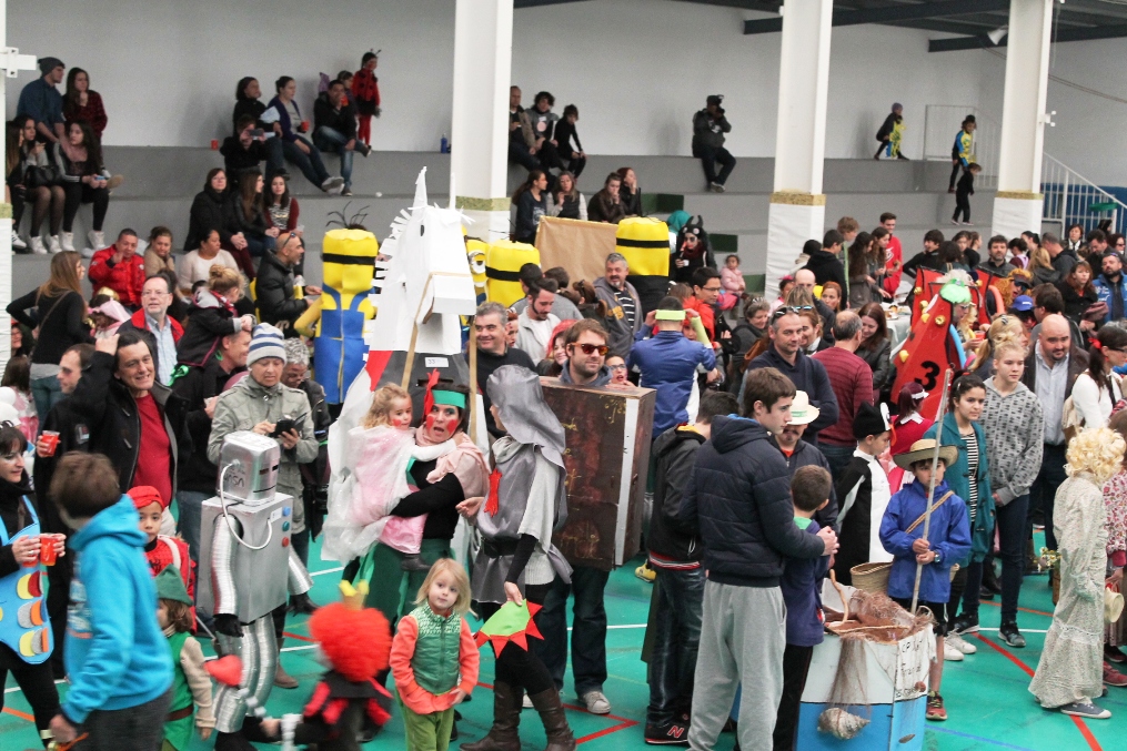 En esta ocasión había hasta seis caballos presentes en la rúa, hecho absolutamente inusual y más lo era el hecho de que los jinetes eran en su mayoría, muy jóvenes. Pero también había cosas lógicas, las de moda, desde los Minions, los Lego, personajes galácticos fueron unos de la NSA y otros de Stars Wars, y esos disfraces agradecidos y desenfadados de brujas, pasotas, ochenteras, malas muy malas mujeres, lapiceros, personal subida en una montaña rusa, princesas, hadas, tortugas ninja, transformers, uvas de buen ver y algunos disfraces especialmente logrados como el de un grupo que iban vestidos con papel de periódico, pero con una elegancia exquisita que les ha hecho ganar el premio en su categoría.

* * *

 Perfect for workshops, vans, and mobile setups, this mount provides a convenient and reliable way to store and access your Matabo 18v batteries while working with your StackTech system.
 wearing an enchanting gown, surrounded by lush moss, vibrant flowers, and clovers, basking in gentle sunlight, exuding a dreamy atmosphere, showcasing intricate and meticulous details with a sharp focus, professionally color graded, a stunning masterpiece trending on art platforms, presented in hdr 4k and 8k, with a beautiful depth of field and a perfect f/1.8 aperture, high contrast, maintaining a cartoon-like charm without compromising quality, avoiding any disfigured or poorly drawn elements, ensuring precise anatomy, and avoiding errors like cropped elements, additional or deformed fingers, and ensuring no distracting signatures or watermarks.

--

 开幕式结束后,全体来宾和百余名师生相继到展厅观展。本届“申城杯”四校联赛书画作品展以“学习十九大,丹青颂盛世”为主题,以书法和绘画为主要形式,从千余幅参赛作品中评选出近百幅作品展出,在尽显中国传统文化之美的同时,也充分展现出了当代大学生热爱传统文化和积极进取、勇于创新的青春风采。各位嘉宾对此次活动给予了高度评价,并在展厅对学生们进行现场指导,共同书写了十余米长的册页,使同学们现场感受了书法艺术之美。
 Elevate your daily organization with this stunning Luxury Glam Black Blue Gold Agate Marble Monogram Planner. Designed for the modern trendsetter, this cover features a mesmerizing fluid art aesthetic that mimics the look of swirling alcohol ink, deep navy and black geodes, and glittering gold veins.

YOUR INSTRUCTIONS: Within the material above, show every line that includes "this".

RESPONSE AREA:
 Perfect for workshops, vans, and mobile setups, this mount provides a convenient and reliable way to store and access your Matabo 18v batteries while working with your StackTech system.
 Elevate your daily organization with this stunning Luxury Glam Black Blue Gold Agate Marble Monogram Planner. Designed for the modern trendsetter, this cover features a mesmerizing fluid art aesthetic that mimics the look of swirling alcohol ink, deep navy and black geodes, and glittering gold veins.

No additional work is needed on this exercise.